# [TASK DETAILS]
If a line in the material below has the word "подводный", copy it.

# [SOURCE MATERIAL]
******************************
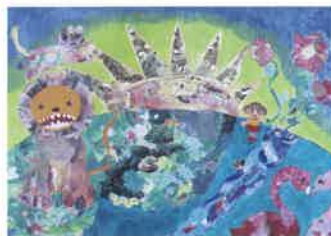
【地球にやさしく】Hello House こがも, 2022年
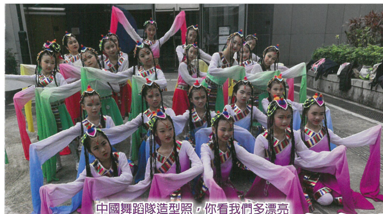
中國舞蹈隊造型照，你看我們多漂亮
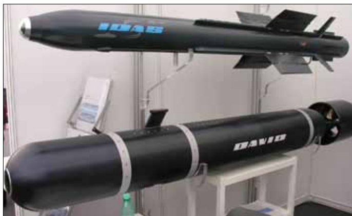
Рис.8. Беспилотный подводный аппарат DAVID компания Diehl BGT Defence

Фирма BAЕ System продемонстрировала на TechDemo 08 аналогичный по форме одноразовый подводный аппарат для
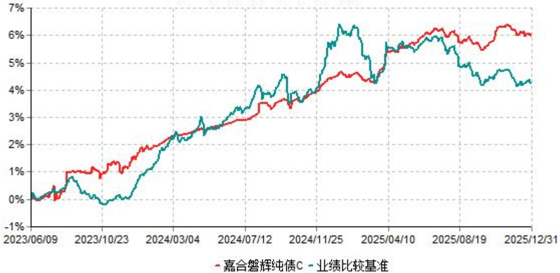
嘉合磐辉纯债C累计净值增长率与业绩比较基准收益率历史走势对比图 (2023年06月09日-2025年12月31日)
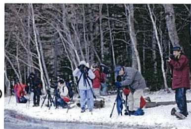
【 撮影指導ツアー 】
******************************
# [SOLUTION TO THIS TASK]
Рис.8. Беспилотный подводный аппарат DAVID компания Diehl BGT Defence
Фирма BAЕ System продемонстрировала на TechDemo 08 аналогичный по форме одноразовый подводный аппарат для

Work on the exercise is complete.